● **WHAT IS EXPECTED**:
Using the data beneath this instruction, retype only the lines from the one that contains "If you’ve read" down to the one that contains "Der LAMY scala", both included, exactly as they appear.

● **THE INPUT**:

════════════════════

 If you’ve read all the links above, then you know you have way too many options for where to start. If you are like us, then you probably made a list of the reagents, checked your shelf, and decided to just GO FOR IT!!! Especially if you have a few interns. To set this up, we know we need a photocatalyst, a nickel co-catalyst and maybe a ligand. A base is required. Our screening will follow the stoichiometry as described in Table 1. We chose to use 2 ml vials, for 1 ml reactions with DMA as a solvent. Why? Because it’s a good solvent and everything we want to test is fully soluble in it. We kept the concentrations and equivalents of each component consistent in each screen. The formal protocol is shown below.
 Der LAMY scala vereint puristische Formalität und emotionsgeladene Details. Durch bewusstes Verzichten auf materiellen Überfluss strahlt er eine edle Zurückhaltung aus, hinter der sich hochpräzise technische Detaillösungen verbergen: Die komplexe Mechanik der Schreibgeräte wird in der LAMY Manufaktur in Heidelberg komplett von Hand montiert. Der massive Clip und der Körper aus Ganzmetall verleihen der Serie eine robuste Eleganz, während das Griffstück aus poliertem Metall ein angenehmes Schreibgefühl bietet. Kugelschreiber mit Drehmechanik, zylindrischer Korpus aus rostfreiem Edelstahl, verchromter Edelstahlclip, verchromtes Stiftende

════════════════════

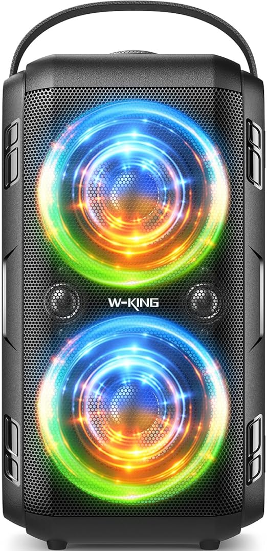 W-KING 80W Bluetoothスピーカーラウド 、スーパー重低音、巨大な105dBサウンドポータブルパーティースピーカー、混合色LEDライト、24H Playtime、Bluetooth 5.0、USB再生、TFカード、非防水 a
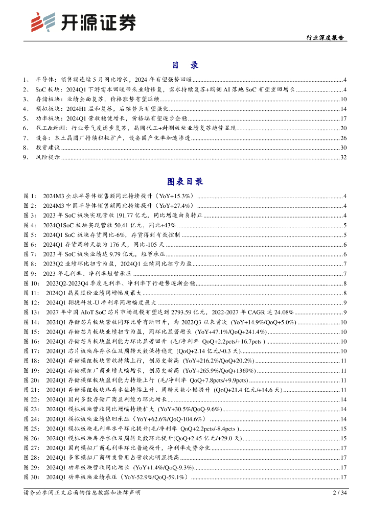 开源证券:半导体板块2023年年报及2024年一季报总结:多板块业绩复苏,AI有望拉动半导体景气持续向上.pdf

════════════════════

● **WRITTEN SOLUTION**:
 If you’ve read all the links above, then you know you have way too many options for where to start. If you are like us, then you probably made a list of the reagents, checked your shelf, and decided to just GO FOR IT!!! Especially if you have a few interns. To set this up, we know we need a photocatalyst, a nickel co-catalyst and maybe a ligand. A base is required. Our screening will follow the stoichiometry as described in Table 1. We chose to use 2 ml vials, for 1 ml reactions with DMA as a solvent. Why? Because it’s a good solvent and everything we want to test is fully soluble in it. We kept the concentrations and equivalents of each component consistent in each screen. The formal protocol is shown below.
 Der LAMY scala vereint puristische Formalität und emotionsgeladene Details. Durch bewusstes Verzichten auf materiellen Überfluss strahlt er eine edle Zurückhaltung aus, hinter der sich hochpräzise technische Detaillösungen verbergen: Die komplexe Mechanik der Schreibgeräte wird in der LAMY Manufaktur in Heidelberg komplett von Hand montiert. Der massive Clip und der Körper aus Ganzmetall verleihen der Serie eine robuste Eleganz, während das Griffstück aus poliertem Metall ein angenehmes Schreibgefühl bietet. Kugelschreiber mit Drehmechanik, zylindrischer Korpus aus rostfreiem Edelstahl, verchromter Edelstahlclip, verchromtes Stiftende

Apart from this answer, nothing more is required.